Um dos fatores que propiciam a crescente ode à “justiça com as próprias mãos” – essa que tem promovido verdadeiras barbáries pelas ruas do Brasil nos últimos meses – é a superficialidade com que lidamos com a questão do crime no país. Por isso a importância de ressaltar que o fato delituoso está atrelado e sucede às múltiplas e complexas determinações causais. O que o sistema faz é centralizar a culpa no indivíduo ‘algoz’ e colocá-lo nos Complexos Penitenciários (quando não o amarram antes em algum poste ou o lincham em praça pública), cerceando não apenas seu direito à liberdade, mas reafirmando o processo de exclusão. Citando o criminologista argentino Eugenio Zaffaroni: “é a lei que produz o criminoso”. E a depender das necessidades de manutenção de um ideal de organização social, o crime é, então, tipificado, podendo ser um eficiente instrumento de controle social.
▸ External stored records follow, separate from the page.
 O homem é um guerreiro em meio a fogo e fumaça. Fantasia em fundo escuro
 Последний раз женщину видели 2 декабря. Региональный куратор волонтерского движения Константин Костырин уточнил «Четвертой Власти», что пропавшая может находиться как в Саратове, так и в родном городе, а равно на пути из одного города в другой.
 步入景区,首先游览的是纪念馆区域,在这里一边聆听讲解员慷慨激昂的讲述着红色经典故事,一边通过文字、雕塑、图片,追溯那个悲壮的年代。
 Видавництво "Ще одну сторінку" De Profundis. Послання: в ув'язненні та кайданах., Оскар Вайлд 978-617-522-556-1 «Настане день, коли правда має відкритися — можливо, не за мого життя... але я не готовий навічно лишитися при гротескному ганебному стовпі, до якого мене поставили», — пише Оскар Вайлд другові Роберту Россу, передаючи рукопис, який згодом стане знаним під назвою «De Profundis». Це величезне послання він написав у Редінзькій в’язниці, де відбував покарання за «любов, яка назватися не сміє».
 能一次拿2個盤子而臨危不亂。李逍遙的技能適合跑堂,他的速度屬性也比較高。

Andréa ressalva que os grandes erros deste sistema não são exclusivos dos poderes executivos que fazem a administração penitenciária. Para ela, os problemas começam nas abordagens realizadas pelos agentes de Segurança Pública. “O aparato policial que conhecemos tem características classistas, racistas e protege mais a propriedade privada do que a vida humana. Seus profissionais atuam marginalizando os moradores das comunidades populares com ações truculentas e desrespeitosas, cometem atrocidades, violam Direitos Humanos e, o mais grave, legitimados pelo próprio Estado. Os moradores destas áreas vivem sempre sob suspeição e para além das dificuldades impostas pela questão social, sentem a opressão das polícias e são vítimas porque são vulneráveis, não detêm riquezas e, consequentemente, não possuem poder”.
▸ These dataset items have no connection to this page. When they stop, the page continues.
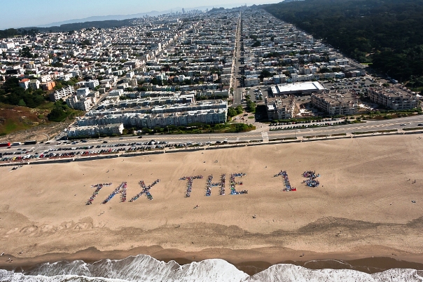 She looked out at the beach. “The last time I was here,” she said, “we were making a big sign saying TAX THE 1%. It was amazing.” She waved in the direction of the sea. “They took pictures from the air. There were hundreds of us.”
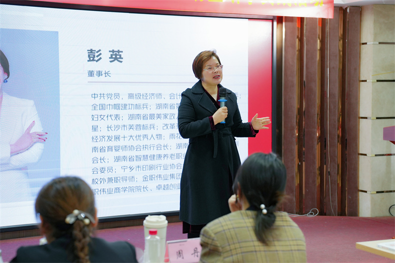 金职伟业董事长彭英对大家的到来表示热烈欢迎,她谈到,此次访企研学活动,进一步拉近了校企的距离,促进了校企更深层次的交流沟通。她提到,“一老一小”是关系保障和改善民生、促进国家长治久安、增强大国发展韧性的大事。现今,人口老龄化趋势显著、婴幼儿出生率逐渐下降,家庭服务领域人才已成为国家紧缺人才,家庭服务领域行业拥有广阔的市场前景。“人才是第一资源,创新是第一动力,人才的进入对企业发展意义重大,期待在座各位来金职伟业学习实践,为自身发展赋能。”
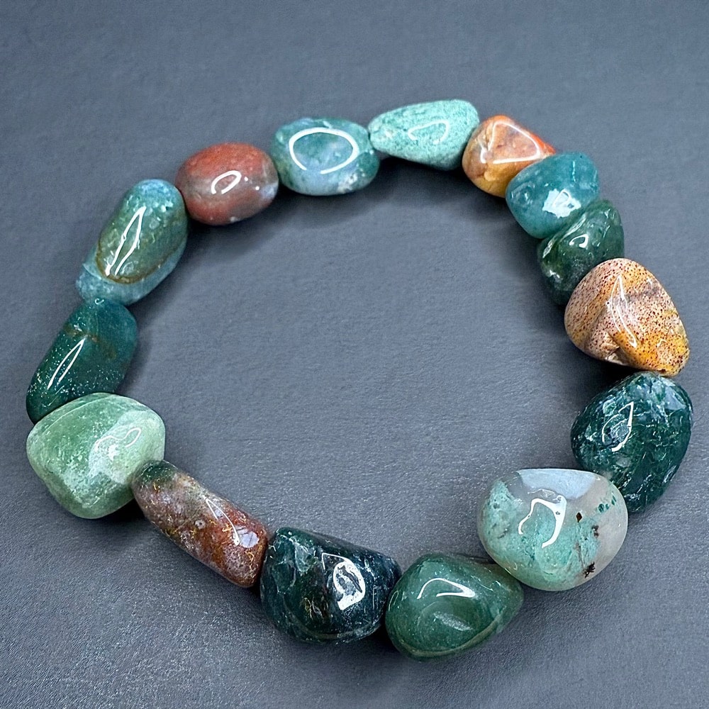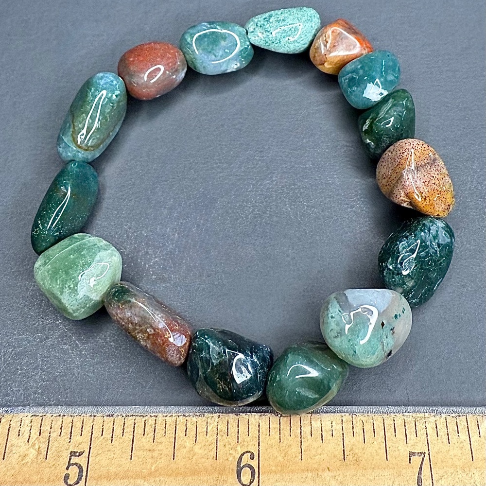Here is a gorgeous Indian Jasper stretch bracelet with gemstone chunky beads.  It measures approximately 3″ with very nice variety of jaspers and colors ranging from a hunter green to a deep red.  A very nice bracelet.

Não há como não relacionar essa lógica à escravidão, que foi o motor de nossa economia por dois séculos, nem à maneira como migramos de uma aristocracia colonial para uma elite que defende “direitos humanos para humanos direitos”. E trazendo para tempos mais atuais, mas não menos tenebrosos, vivenciamos duas décadas de regime ditatorial civil-militar, que fortaleceu a cultura do medo, da punição e do crime de lesa humanidade como tática de guerra do Estado contra o inimigo interno da vez.

Em suma, a história de vida de Maria se entrelaça com o olhar e os posicionamentos de Andréa. Mesmo sem se conhecerem, mesmo morando em cidades diferentes, elas travaram uma batalha comum e, cada uma com suas armas, lutam diariamente contra a lógica punitiva que, há anos, marginaliza setores da nossa população. Os problemas sociais estão cada vez mais complexos. Para lidarmos com eles, não cabem mais olhares rasos, sociedade penal e nem sistemas punitivos reprodutores de uma violência que é histórica.